На Рождество шкура была подарена пани Власте.
Вызвала переполох в доме и смех, который и сейчас прорывается улыбкой от всплывшего из глубин памяти растерянного лица пани Власты.
Она ведь не может теряться.
Изумляться.
Смеяться неловко, но искренне.
Она не могла даже уже тогда быть… человеком, но в то Рождество, последнее с мамой, была. Улыбалась без привычной сдержанности и холодности. Не ругалась, когда я, размахивая адвент-календарем и крича, что пришёл Щедрый день16, покатилась по глянцевому паркету в подаренных и связанных ею же носках и врезалась, не успев затормозить, в неё.

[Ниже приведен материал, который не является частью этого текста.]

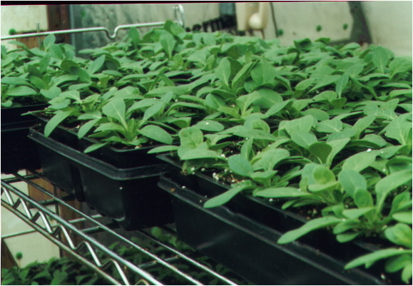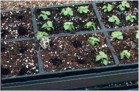 | Plugs are an easy way to propagate plants.Plugs or liners are produced by specialty growers who start the plants then ship then out to be finished off by the grower. Plugs come in a variety of different sizes depending on the plant materiel and the time the grower wants to spend finishing them off. A 512 tray would have 512 plants ready to be placed in cell packs or pots and grown on.These plants would be very small and take the longest time maybe 6 to 8 weeks. A 288 tray would have larger plants and would take maybe only 4 weeks to finish off. A 70 tray is usally used for perrienials or larger landscape plants that will be grown on for the next years sale. There are several good reasons to buy plants as plugs. First the plugs are already to be placed in to cell packs or pots and save a lot of time and labor. Second overhead costs are reduced because the plants do not have to be in a heated greenhouse for as long a period. In the case of a crop failure plugs could supplement a production shortage. | |||||||||||||||||||||||||||||||
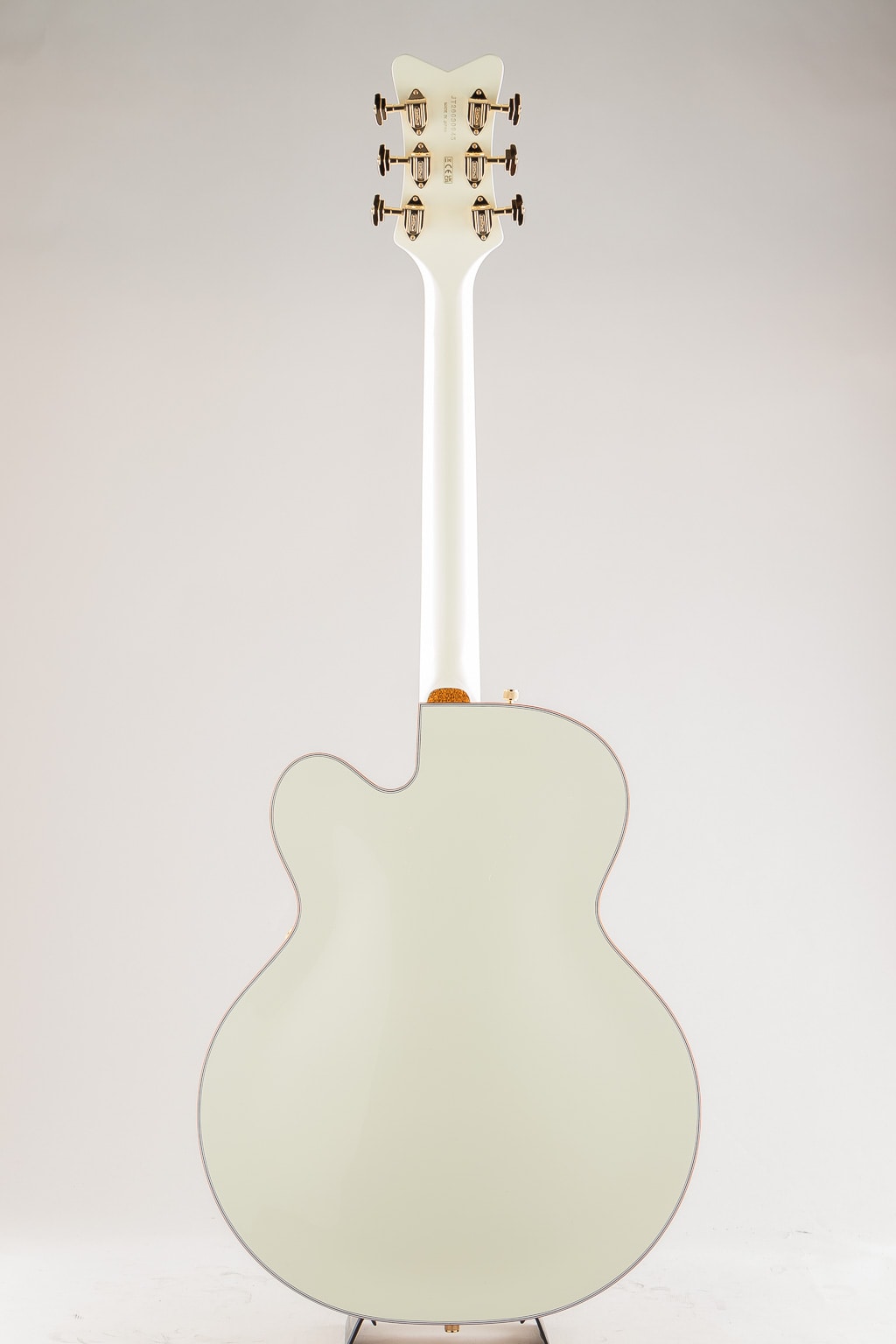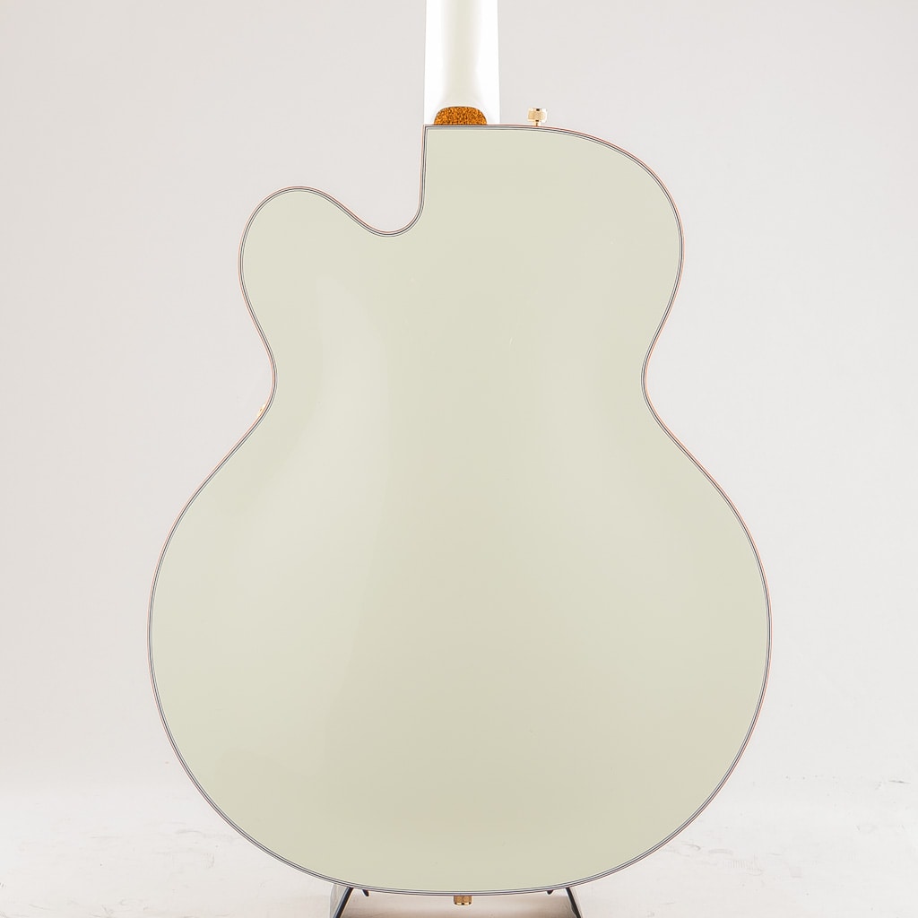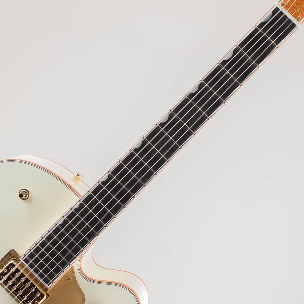 傑作と評されるオリジナルをより洗練させた、G6136T-59Vintage Select Edition '59Falcon Hollow Body with Bigsbyは、エレクトリック・ギターの黄金時代から続く正確な機能と、仕様的な取り決めを忠実に組み合わせたモデルです。 輝かしい音色と外観で耳と目を満足させるこの“珍しい鳥”は、プレイヤーが手にすることで命を宿し、あらゆるギターのストロークに応じで独特の声で歌います。 TV Jones Classic PUのペアは、強力なトーンと比類なきダイナミクスを生み出します。 グレッチの新しい“Squeezebox”ペーパーイン・オイルコンデンサーは、信じられないほどに洗練された高音域を提供します。 固定されたSpace Controlブリッジとボーンナットを組み合わせが、完璧なチューニングの安定性を実現。Bigsby B6GVTビブラートテールピースが、演奏に表現力豊かなきらめきを加えます。 1959年スタイルのトレッスル・ブレイシング、マルチプライのラミネート・メイプルバック&サイドと、響きの良い3プライ・メイプルトップのボディは、音に“大砲”のような驚くべき射影力を与え、豊かでバランスが取れたトーンを発射します。 滑らかな演奏性を実現するために、快適で汎用性の高い標準的な“U“字型プロファイルのメイプルネックを採用。22個のミディアム・ジャンボフレットを装備したラジアス12インチ(304.8ミリ)のエボニー指板と、クラシックなグレッチのサムネイル・インレイを採用し、複雑なコードや幅の大きいベンディング、複雑なシングルノートも楽に演奏できます。 とても象徴的かつ印象的なこのギターは、ゴールドのジュエルドGアロー・コントロールノブを使用。ボディ、ネック、Fホールにゴールドのスパークルバインディングを施すなど、とゴールドハードウェアを採用しています。ヴィンテージ・ホワイトグロスのニトロ・セルロースラッカー・フィニッシュを使用し、グレッチロゴが入ったゴールドの厚いヴィンテージ・プレキシピックガードを備えます。 見事なルックスと巨大なサウンドを備え、実に象徴的なG6136T-59 Vintage Select Edition '59Falcon Hollow Body with Bigsbyは、グレッチギターの“最高峰”です。 デラックス・ハードシェルケースが付属されます。

Пани Власта рассказывала сказки.
Легенды.
И в Дом Рождества я ходила с ней, а после, сжимая сухую и тонкую ладонь, слушала «Рыбовку»17 в костёле святой Анны и точно знала, что, пока держусь за обманчиво хрупкие пальцы бабички, со мной ничего не случится.
Я не потеряюсь.
В толпе.
И в жизни.
И кажется, что если бы тогда я не отпустила её руку, то, быть может, в самом деле не потерялась бы, не заблудилась бы спустя полгода в коридорах каирского госпиталя, куда доставили маму прямо с раскопа.
У неё заболела голова.
Мама устала.
Так, обеспокоенно хмурясь, сказал папа и увёл меня с собой из палатки. Выдал перчатки, респиратор и за микроскоп, дав изучать самый важный и ценный обломок саркофага писца царских корреспонденций, усадил. Не замечал, как я крутила винты и в целом всё, что крутилось и отвинчивалось, а затем полезла к рассортированным и разложенным фрагментам скелетов, трогать кои мне запрещалось категорично.
Но любопытно.
Уверенно, что сегодня не заругают.
И не заругали.
Папа лишь рассеянно попросил положить на место челюсть, нижнюю. И по голове он меня потрепал рассеянно, назвал – что делал крайне редко – чалыкушу и пообещал, что мама к утру поправится.
Не поправилась.
Утром поднялась температура. Появился озноб, что к обеду сменился жаром и бредом, в котором мама говорила со мной, звала. Пусть я и стояла рядом, дергала её сердито за руку – обжигающе горячую, сухую, похожую на пергамент, – и просила очнуться.
Не играть так.
Потому что такая игра мне не нравилась и Мена, старый и худой копт, числившийся врачом и знавший свой загадочный мертвый язык, мне разонравился. Он неодобрительно качал головой, говорил что-то папе, отчего папа темнел в лице.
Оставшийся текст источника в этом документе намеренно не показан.